◆ Task
Only the lines below from the one that contains "快克快脚气喷剂脚气止痒脱皮烂脚丫真菌感染喷雾(发货特效)脚痒非药喷剂 一瓶装" through the one that contains "根据《建设项目环境保护管理条" should appear in your answer, exact and without pictures.

Dataset content START

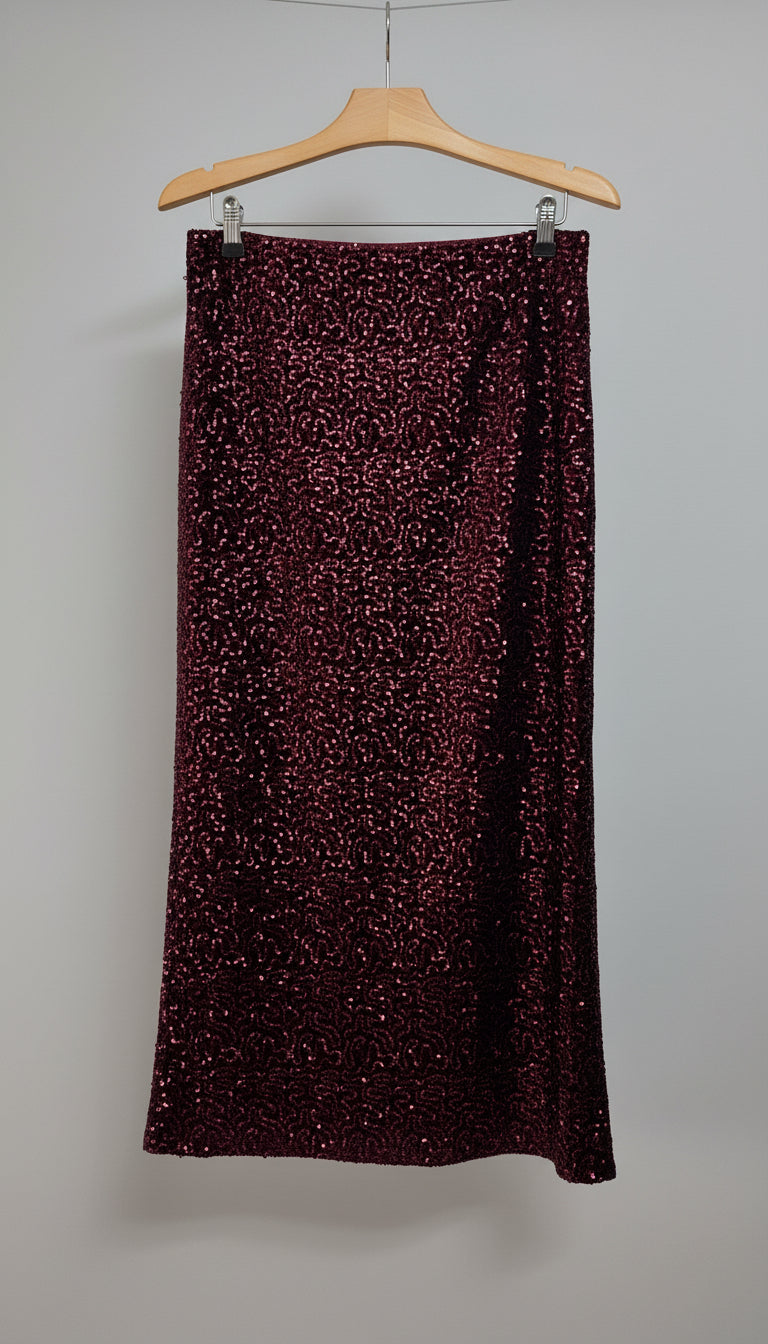 Gonna longuette in velluto morbido impreziosita da paillettes scintillanti che catturano la luce ad ogni movimento. La cintura elasticizzata garantisce una vestibilità confortevole e sicura, mentre lo spacco posteriore aggiunge eleganza e libertà di movimento. Un capo versatile perfetto per serate speciali, cene eleganti o quando desideri un tocco di glamour sofisticato al tuo look. Il velluto avvolge delicatamente le forme, regalando un effetto lussuoso e raffinato che non passa inosservato.
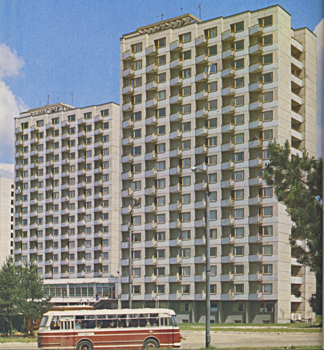 Общежития студенческого городка и автобус ЛАЗ-695М
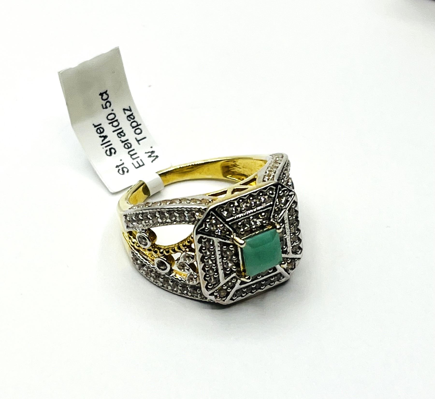 (0.50CT) WITH NATURAL WHITE TOPAZ (1CT) RING, SIZE 9, W/A $500.00. EMERALD IS THE BIRTHSTONE FOR MAY. **ALL ITEMS MUST BE REMOVED BY 5PM SATURDAY, NOVEMBER 22ND 2025. ALL REMAINING ITEMS WILL BE SUBJECT TO A $6.00 PER DAY STORAGE CHARGE. ANY ITEMS REMAINING AFTER MONDAY, DECEMBER 8TH 2025 WILL BE CONSIDERED FORFEITED. NO REFUNDS WILL BE ISSUED FOR FORFEITED ITEMS. TO SCHEDULE A PICK UP APPOINTMENT CLICK HERE
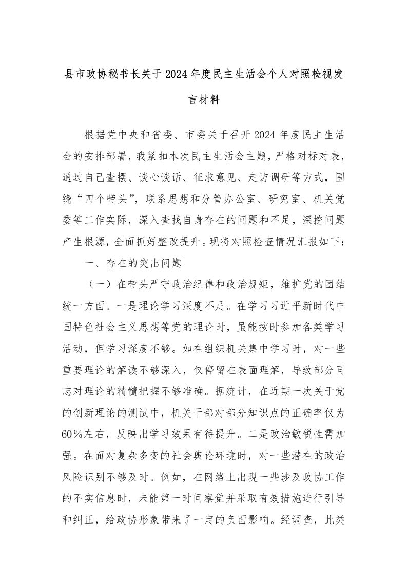 县市政协秘书长关于2024年度民主生活会个人对照检视发言材料
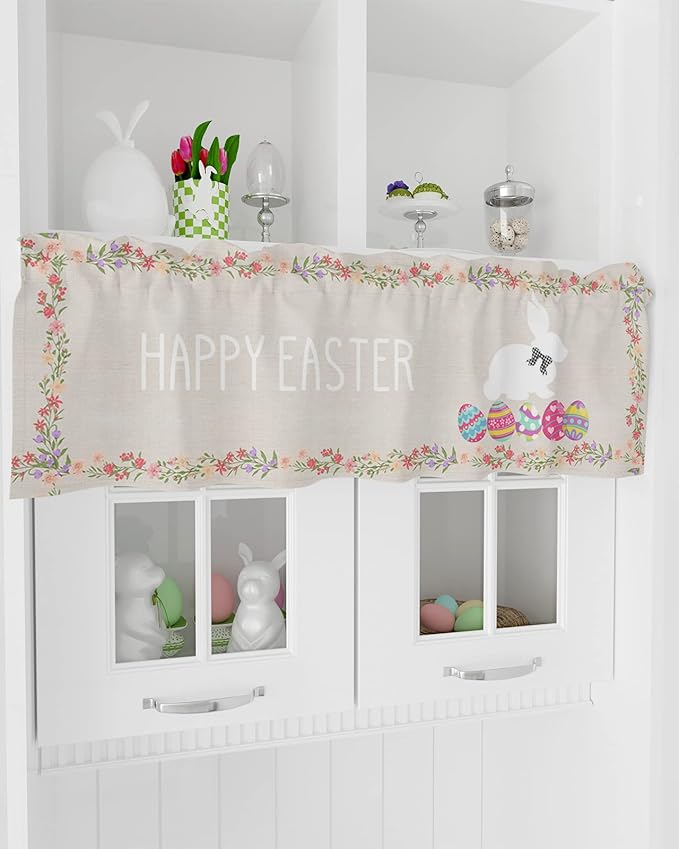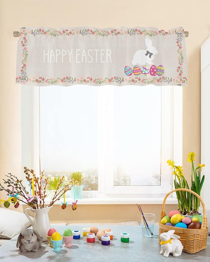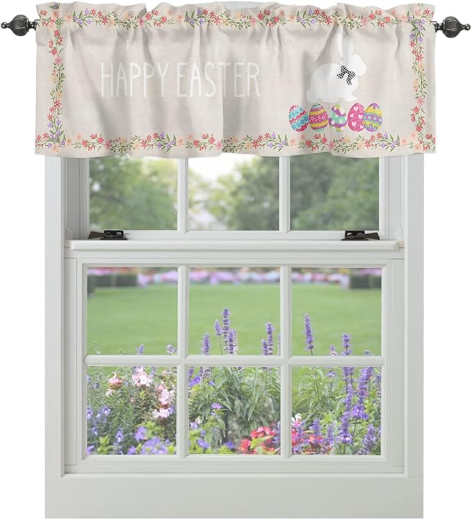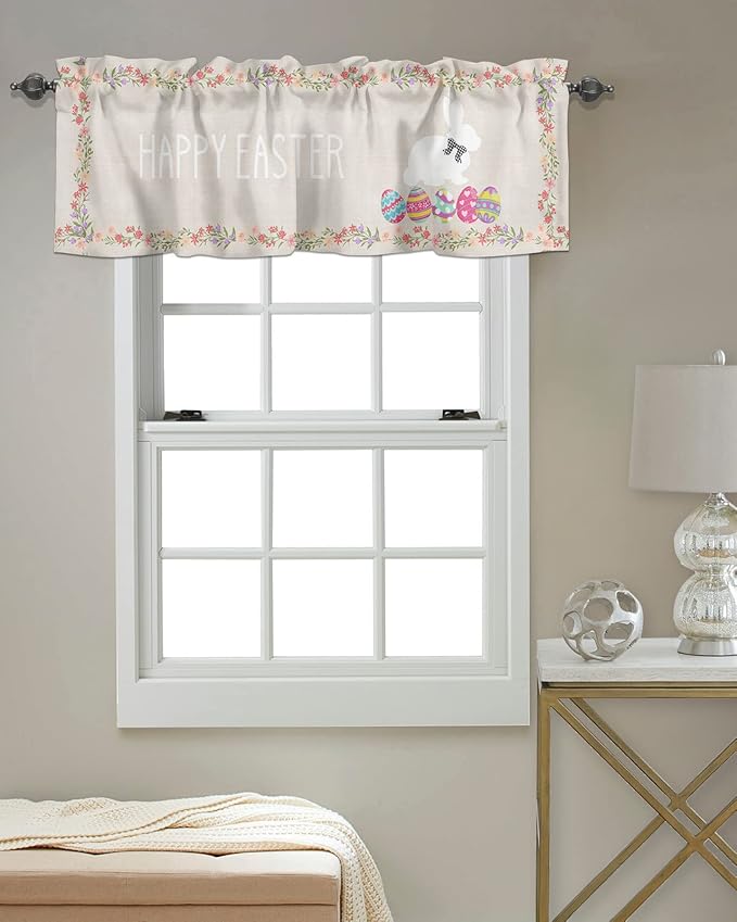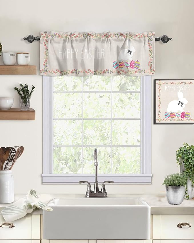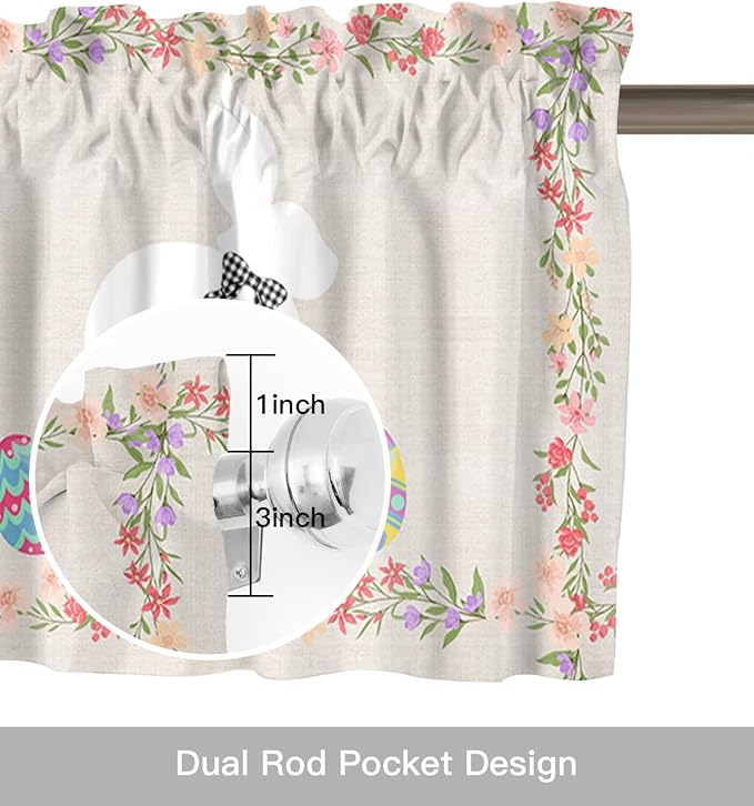 • Rod Pocket Easter Day Kitchen Curtains for Windows:Made Of 100% Polyester,This Window Toppers Can Decorate Your House&Cafe,Reduce Lights And Provides Shade,With Built-In Pocket,It Fits Decorative Window Drapery Rods Up To 3" In Diameter With 1" Header
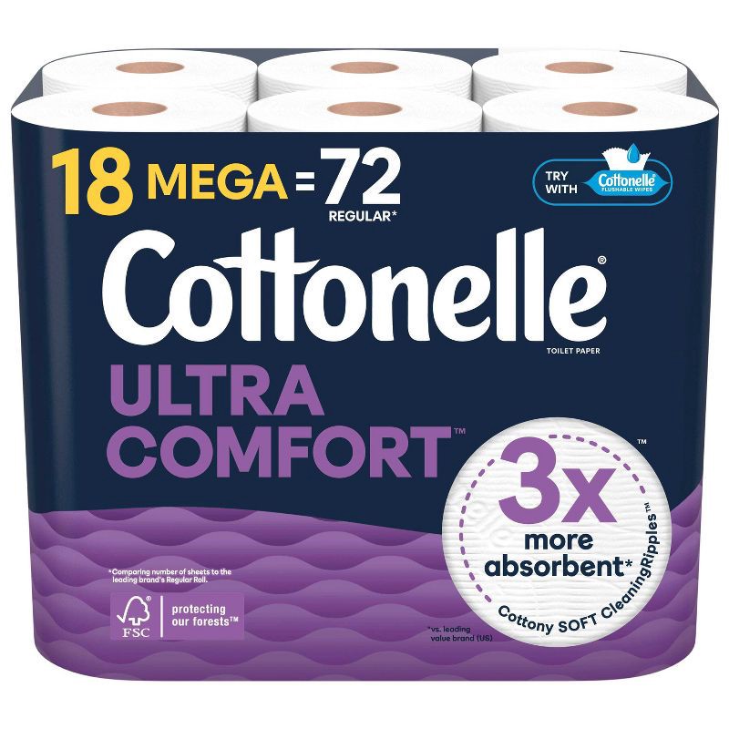 - WHAT'S INCLUDED — This toilet paper pack includes 18 Mega Rolls of Cottonelle Ultra Comfort 2-Ply Toilet Paper with 244 sheets per roll (462.60 square feet total); packaging may vary
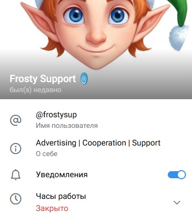 Специалисты техподдержки доступны через телеграм-бот frostysup. Однако, в часах работы указано, что сервис закрыт. Поэтому неизвестно, можно ли вообще получить обратную связь.
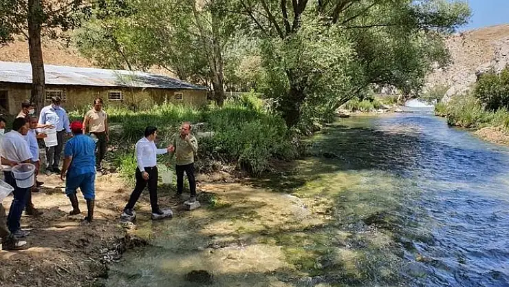 Sivas´ın Gürün ilçesine bağlı Akdere köyünde, Hurman Çayı´na 10 bin 500 kırmızı benekli alabalık yavrusu bırakıldı.
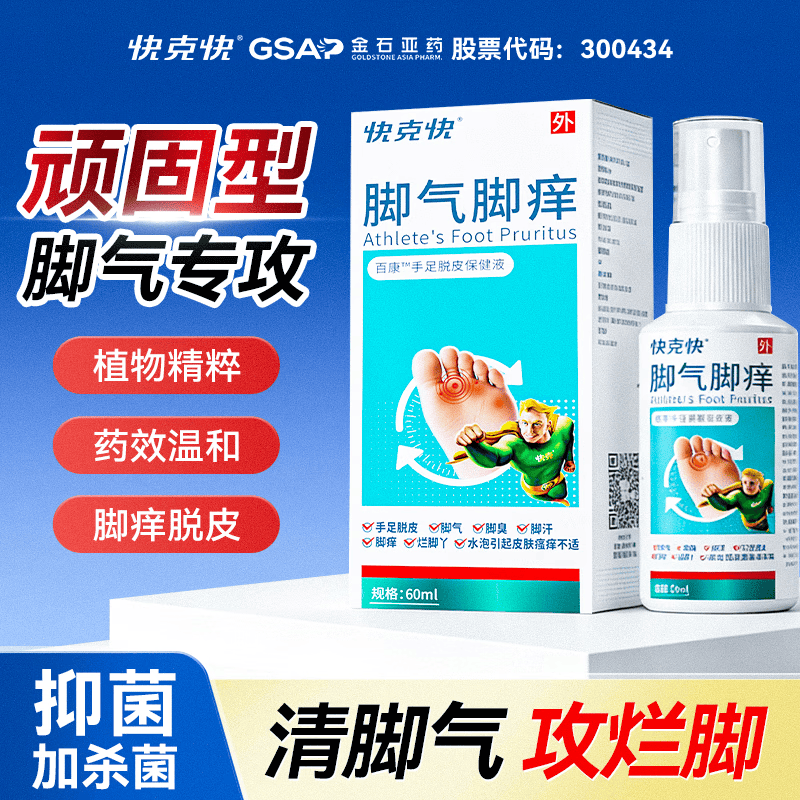 快克快脚气喷剂脚气止痒脱皮烂脚丫真菌感染喷雾(发货特效)脚痒非药喷剂 一瓶装
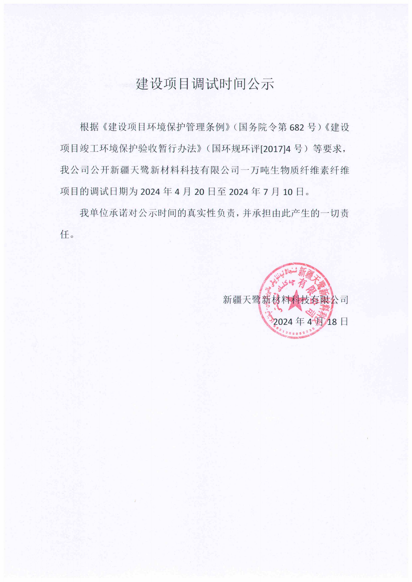 根据《建设项目环境保护管理条例》(国务院令第682号)《建设项目竣工环境保护验收暂行办法》(国环规环评[2017]4号)等要求,我公司公开新疆天鹭新材料科技有限公司一万吨生物质纤维素纤维项目的调试日期为2024年4月20日至2024年7月10日。
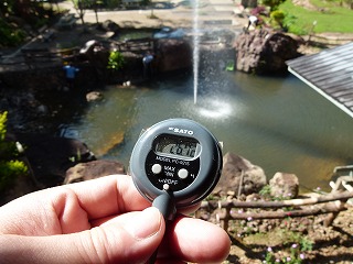 これが何ともかなり念入りで、デッキブラシやたわしで岩に付着した苔をはぎ落とし、いつの間にか着生しつつあった植物などもしっかり抜いていました。なるほどこれは確かにきっちりとした維持管理がなされているのだなと感心した次第です。またTakemaが勝手に名付けた「リラクゼーション1」の浴槽もしっかり湯が抜かれてお掃除&湯の入れ替えがおこなわれていました。でもここまでやってくれるのなら、たぶんしばらく掃除がなされていないあの家族風呂激熱浴槽もゴシゴシやって欲しいなと思ったのはここだけのヒミツです(笑)。 ちなみにまだ朝9時前なのに気温はご覧のとおり。これからさらに気温は上昇することになるのですが‥ |
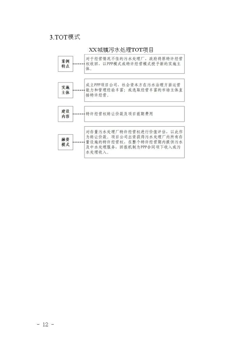 可采用政府將低效運營的存量垃圾污水處理設(shè)施的特許經(jīng)營權(quán)先行收回,再通過實施模式(TOT模式)授予新實施主體特許經(jīng)營權(quán),既可避免資產(chǎn)轉(zhuǎn)讓產(chǎn)生高額稅費,又可不受并購類貸款相關(guān)限制。
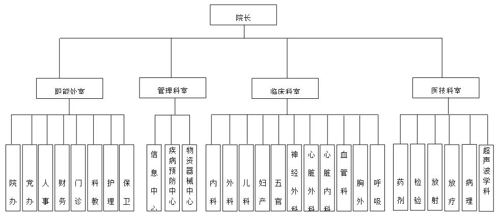 N醫(yī)院成立于1990年,是以治療心肺血管疾病為重點的大型綜合性醫(yī)院。醫(yī)院占地面積5萬平方米,醫(yī)療用房9萬平方米?,F(xiàn)有職工近1000人,其中高級專業(yè)技術(shù)人員100余人。臨床、醫(yī)技科室15個,床位500余張。具有現(xiàn)代化設(shè)施和人文理念的心胸血管外科大樓,具有百、萬級凈化層流手術(shù)室20間,術(shù)后監(jiān)護(hù)病床30張,新建的門診綜合樓2.8萬平方米,為患者提供的人性化醫(yī)療服務(wù)。心臟外科、心臟內(nèi)科、血管科、胸外科、呼吸內(nèi)科是醫(yī)院的重點特色科室,醫(yī)院的組織結(jié)構(gòu)圖如下:
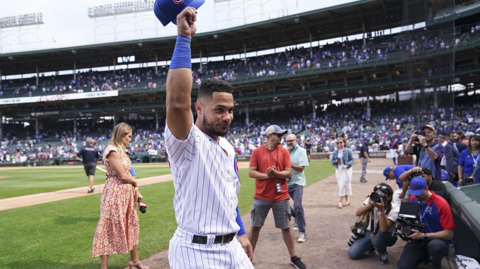 Six years later, his love for the Cubs — and for Wrigley — and zest for the game never have been in doubt. Nor has his connection with the fans, who greeted him Tuesday with a standing ovation before his first at-bat. Contreras backed away from the box and doffed his helmet before dumping a first-pitch single off Bryse Wilson into center. He later scored on a double by Ian Happ, another Cub who might be on the way out any day now.

Dataset content END

◆ Output for this task
 快克快脚气喷剂脚气止痒脱皮烂脚丫真菌感染喷雾(发货特效)脚痒非药喷剂 一瓶装
 根据《建设项目环境保护管理条例》(国务院令第682号)《建设项目竣工环境保护验收暂行办法》(国环规环评[2017]4号)等要求,我公司公开新疆天鹭新材料科技有限公司一万吨生物质纤维素纤维项目的调试日期为2024年4月20日至2024年7月10日。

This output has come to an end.